Range (min … max): 238.456 ms … 321.295 ms ┊ GC (min … max): 12.18% … 18.40%
Time (median): 289.997 ms ┊ GC (median): 17.93%
Time (mean ± σ): 287.377 ms ± 22.403 ms ┊ GC (mean ± σ): 17.74% ± 1.46%
█ ▃
▇▁▁▁▁▇▁▁▁▁▁▁▁▁▁▁▇▁▁▁▁▁▁▁▁▇▇▁▁▁▁▁▁▁▇▇▁█▁▇▁▁▇▇▇▁▁▁▁▇▁▇▁▁▁▁▁▁▁▁█ ▁
238 ms Histogram: frequency by time 321 ms <
Memory estimate: 842.59 MiB, allocs estimate: 300.
julia> @benchmark Reinterpret( 1000, 1000, 100 )
BenchmarkTools.Trial: 185 samples with 1 evaluation per sample.

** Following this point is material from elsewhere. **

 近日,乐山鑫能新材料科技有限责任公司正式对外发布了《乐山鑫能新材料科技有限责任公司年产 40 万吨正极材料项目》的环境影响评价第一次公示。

Range (min … max): 22.954 ms … 31.429 ms ┊ GC (min … max): 0.00% … 6.65%
Time (median): 27.149 ms ┊ GC (median): 1.38%
Time (mean ± σ): 27.077 ms ± 1.685 ms ┊ GC (mean ± σ): 2.97% ± 3.52%
▄▂▂ ▁▂▃▃▂ ▃█
▄▃▄▁▁█▆▄▃▅▅▄▁▁▁▁▃▁▃▁▁▁▁██████████▄▄▆▆▇██▆▆▅▃▅▄▄▁▃▃▃▃▃▁▁▃▁▁▃ ▃
23 ms Histogram: frequency by time 31.1 ms <
Memory estimate: 9.23 MiB, allocs estimate: 3.

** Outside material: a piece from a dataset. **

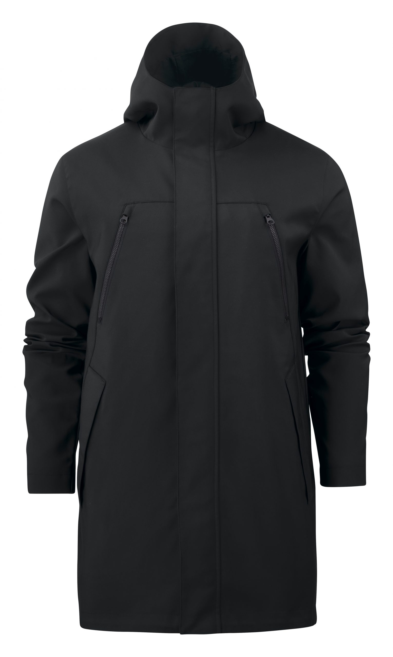 Hyvä istuvuus ja sopiva pituus alla pidettävälle puvulle. Takissa vettä hylkivä pintamateriaali.

julia> @benchmark Bump( 1000, 1000, 100 )
BenchmarkTools.Trial: 193 samples with 1 evaluation per sample.
Range (min … max): 25.215 ms … 31.155 ms ┊ GC (min … max): 0.00% … 0.00%
Time (median): 25.598 ms ┊ GC (median): 0.00%
Time (mean ± σ): 25.938 ms ± 746.378 μs ┊ GC (mean ± σ): 0.00% ± 0.00%
▄█▄▃▂
▃▃█████▆▅▅▃▃▃▃▁▃▃▄▅▃▄▄▄▃▅▆▆▄▄▄▃▃▃▃▁▁▁▃▁▁▃▁▃▁▁▁▁▁▃▁▁▁▁▁▁▁▁▁▁▃ ▃
25.2 ms Histogram: frequency by time 28.4 ms <
Memory estimate: 0 bytes, allocs estimate: 0.
julia> @benchmark Wrap( 1000, 1000, 100 )
BenchmarkTools.Trial: 190 samples with 1 evaluation per sample.
Range (min … max): 21.764 ms … 35.432 ms ┊ GC (min … max): 0.00% … 0.95%
Time (median): 26.827 ms ┊ GC (median): 1.46%
Time (mean ± σ): 26.329 ms ± 2.484 ms ┊ GC (mean ± σ): 3.08% ± 3.80%
▁█ ▃▆▄▃
▄▆▄▃▄▃▆▄▄▁▃▅███▄▄▆▄▄▄▄▄▃▄▄█████▄▄▁▄▃▄▁█▄▄▄▆▃▄▁▃▄▃▁▁▃▁▁▁▁▁▁▃ ▃
21.8 ms Histogram: frequency by time 33.1 ms <
Memory estimate: 9.24 MiB, allocs estimate: 302.